— REQUIREMENT —
In full and unchanged, set down the entries that follow, with no images.

:::

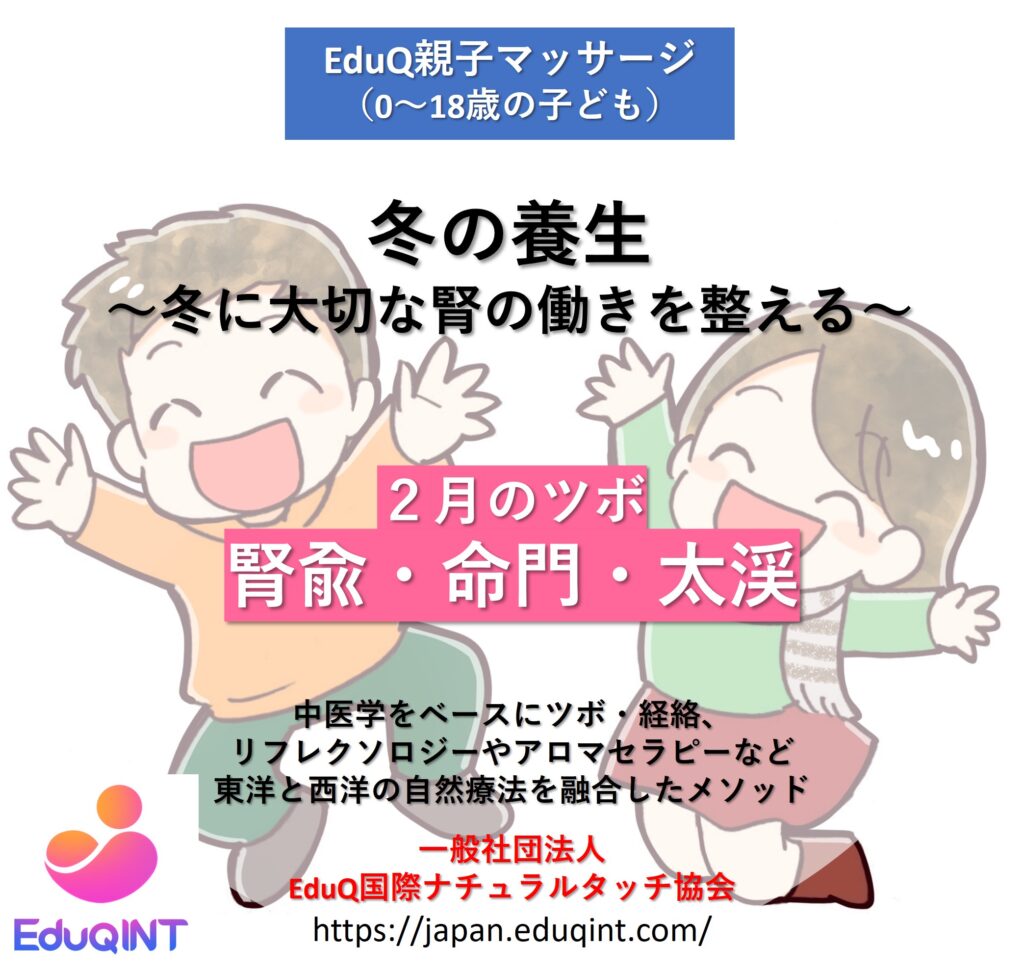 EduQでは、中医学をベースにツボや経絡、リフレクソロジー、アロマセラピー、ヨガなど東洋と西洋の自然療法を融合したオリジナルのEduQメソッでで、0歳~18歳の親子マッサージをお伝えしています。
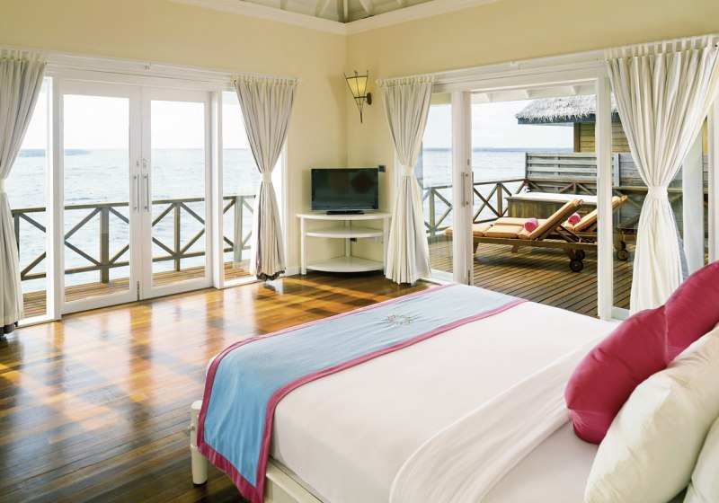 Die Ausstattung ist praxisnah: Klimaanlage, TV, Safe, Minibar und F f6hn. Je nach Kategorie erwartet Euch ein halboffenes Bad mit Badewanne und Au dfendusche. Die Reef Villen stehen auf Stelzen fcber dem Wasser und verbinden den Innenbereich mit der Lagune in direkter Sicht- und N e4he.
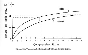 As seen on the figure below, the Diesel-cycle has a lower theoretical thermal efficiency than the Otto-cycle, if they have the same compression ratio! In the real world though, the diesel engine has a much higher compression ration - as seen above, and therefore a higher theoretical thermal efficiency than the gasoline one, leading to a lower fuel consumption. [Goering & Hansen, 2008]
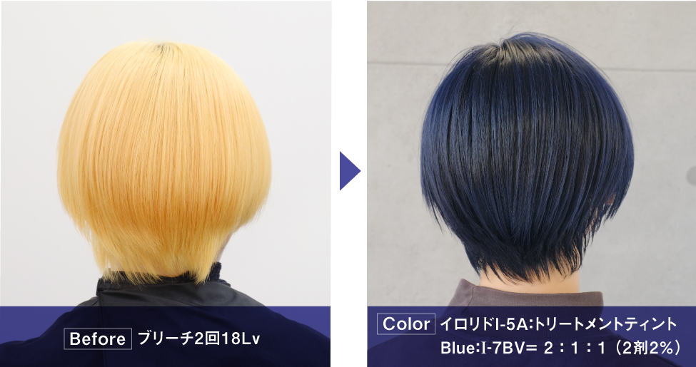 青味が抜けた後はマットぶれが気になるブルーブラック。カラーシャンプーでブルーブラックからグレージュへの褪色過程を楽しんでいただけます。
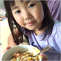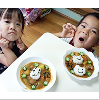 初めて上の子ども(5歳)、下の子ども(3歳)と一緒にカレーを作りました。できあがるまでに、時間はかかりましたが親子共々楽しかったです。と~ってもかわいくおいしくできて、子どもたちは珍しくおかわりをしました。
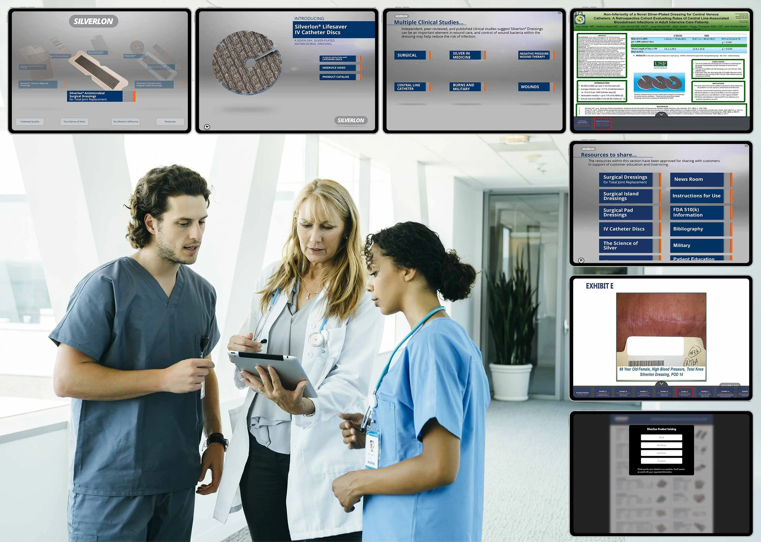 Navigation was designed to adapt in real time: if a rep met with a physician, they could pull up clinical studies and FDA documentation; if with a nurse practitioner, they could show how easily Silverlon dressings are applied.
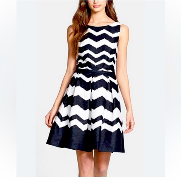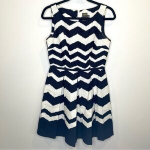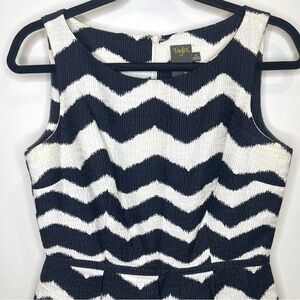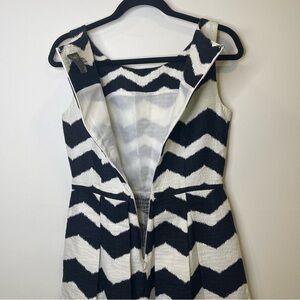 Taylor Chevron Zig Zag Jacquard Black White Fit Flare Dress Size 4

:::

— COMPLETED EXERCISE —
 EduQでは、中医学をベースにツボや経絡、リフレクソロジー、アロマセラピー、ヨガなど東洋と西洋の自然療法を融合したオリジナルのEduQメソッでで、0歳~18歳の親子マッサージをお伝えしています。
 Die Ausstattung ist praxisnah: Klimaanlage, TV, Safe, Minibar und F f6hn. Je nach Kategorie erwartet Euch ein halboffenes Bad mit Badewanne und Au dfendusche. Die Reef Villen stehen auf Stelzen fcber dem Wasser und verbinden den Innenbereich mit der Lagune in direkter Sicht- und N e4he.
 As seen on the figure below, the Diesel-cycle has a lower theoretical thermal efficiency than the Otto-cycle, if they have the same compression ratio! In the real world though, the diesel engine has a much higher compression ration - as seen above, and therefore a higher theoretical thermal efficiency than the gasoline one, leading to a lower fuel consumption. [Goering & Hansen, 2008]
 青味が抜けた後はマットぶれが気になるブルーブラック。カラーシャンプーでブルーブラックからグレージュへの褪色過程を楽しんでいただけます。
 初めて上の子ども(5歳)、下の子ども(3歳)と一緒にカレーを作りました。できあがるまでに、時間はかかりましたが親子共々楽しかったです。と~ってもかわいくおいしくできて、子どもたちは珍しくおかわりをしました。
 Navigation was designed to adapt in real time: if a rep met with a physician, they could pull up clinical studies and FDA documentation; if with a nurse practitioner, they could show how easily Silverlon dressings are applied.
 Taylor Chevron Zig Zag Jacquard Black White Fit Flare Dress Size 4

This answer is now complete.